Cité-jardin La Butte rouge, à Châtenay-Malabry (Hauts-de-Seine),

le 4 janvier 2021. CHRISTOPHE CAUDROY POUR LE MONDE

 

Ainsi, les cités-jardins de Stains et du Pré-Saint-Gervais, propriétés de Seine-Saint-Denis habitat. Toutes deux ont fait l’objet d’une réhabilitation lourde mais aucun bâtiment n’a été détruit. L’humidité a été traitée grâce à une meilleure aération, des F3 ont été réunis pour créer de plus grands appartements, explique Marian Sypniewski, chef de l’un des services réhabilitations du bailleur, et membre de l’association régionale des cités-jardins. « Au lieu d’avoir un patrimoine très homogène et banal, nous faisons le pari de garder des logements chargés d’histoire et de qualité. Les logements sociaux publics de cette époque sont vraiment de qualité et ont souvent tenu sans gros travaux pendant soixante ou soixante-dix ans », poursuit-il.

 

Manque de considération

 

Le devenir de la Butte rouge pose une question plus large : celle de la préservation du patrimoine du XXe siècle et de son financement.

C’est peu dire que la défense d’une collection de barres mobilise moins qu’une chapelle du XVIIe. Depuis 2003, le grignotage des grands ensembles par les pelleteuses de l’Agence nationale de la rénovation urbaine (ANRU), qui accorde ses crédits en échange d’un nombre certain de démolitions, n’émeut pas grand monde.

Mais « la culture, ce n’est pas que des bâtiments, des éléments de décor mis les uns à côté des autres. Ce sont aussi des territoires urbanisés avec une mixité sociale, rappelle Bernard Toulier, conservateur général honoraire du patrimoine et membre du comité scientifique de Docomomo.
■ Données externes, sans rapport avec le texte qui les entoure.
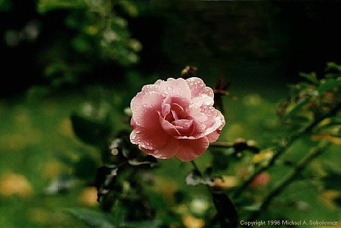 I woke up early when I was visiting a German friend in Stuttgart, and saw this dew-covered rose.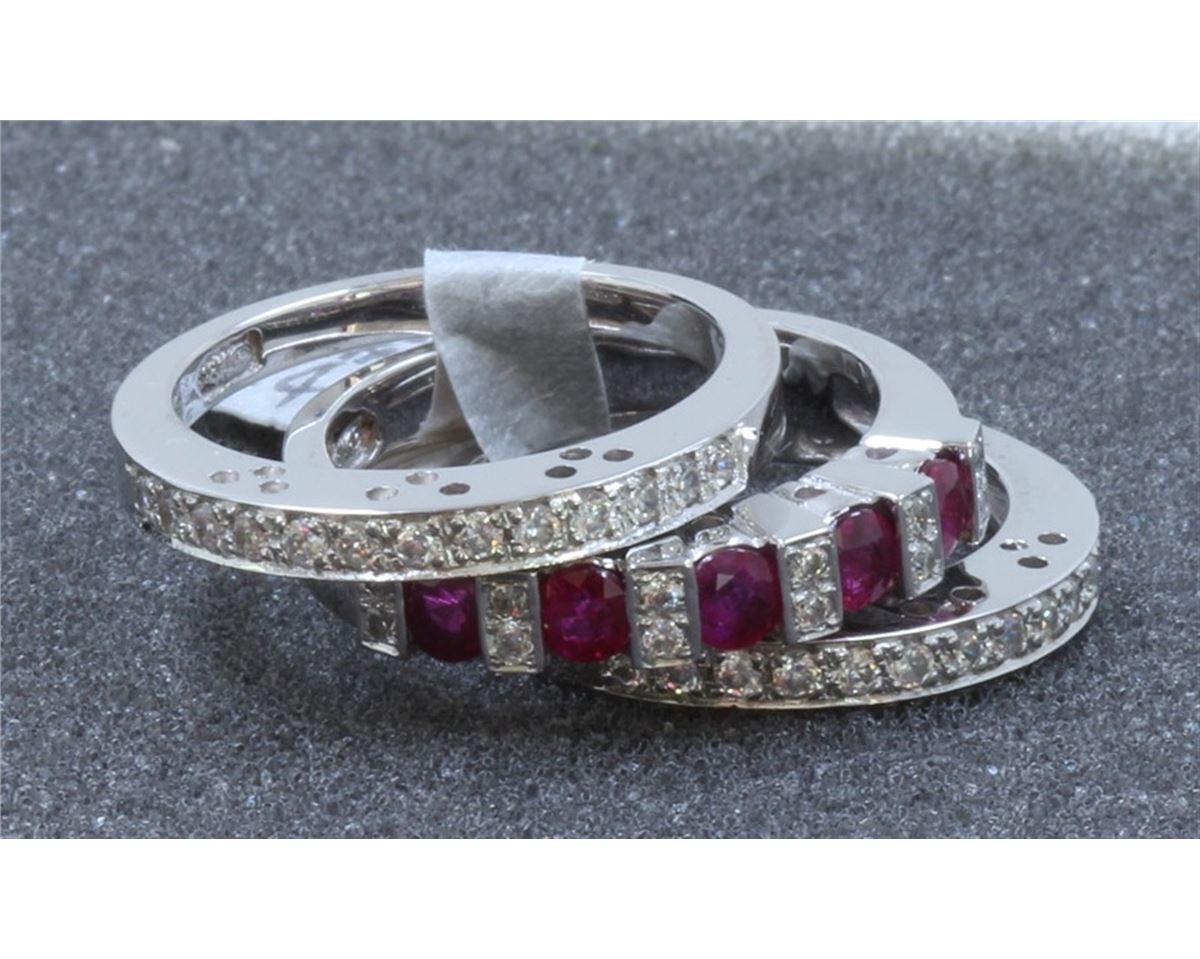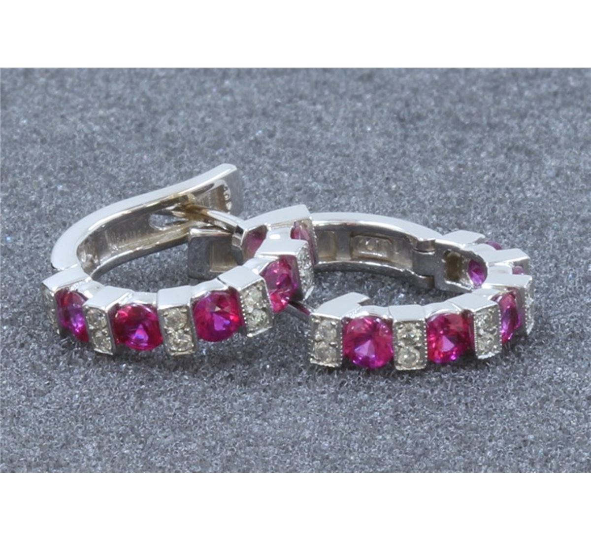 14K WHITE GOLD RUBY EARRING: 3.9g / Diamond: 0.2ct / Ruby: 1.11ct

On doit trouver les moyens de transmettre cet héritage. Et si la culture n’en a pas les moyens, créons une section patrimoine à l’ANRU ».

L’avenir des tours Aillaud à Nanterre, les fameuses tours nuages, illustre bien ce manque de considération pour la production des « trente glorieuses ». « Comment se fait-il que la rénovation des tours ait fait l’objet de deux concours différents ?, poursuit Bernard Toulier. A terme, une partie des tours Aillaud sera recouverte d’un bardage métallique avec des pixels à la Mondrian. On est loin de la subtilité poétique voulue par Emile Aillaud et Fabio Rieti ».

A la faveur d’une dent creuse et de la démolition d’un équipement public, des constructions ont récemment vu le jour à la Butte rouge. Préfigurent-elles le nouveau visage du quartier si la mairie menait sa « restructuration lourde » à son terme ? Le rose poudré des façades et la géométrie années 1930 ont disparu. Les espaces verts sont désormais ceints d’un grillage. La pelouse accessible par digicode, c’est peut-être là l’esprit de la cité-jardin du XXIe siècle.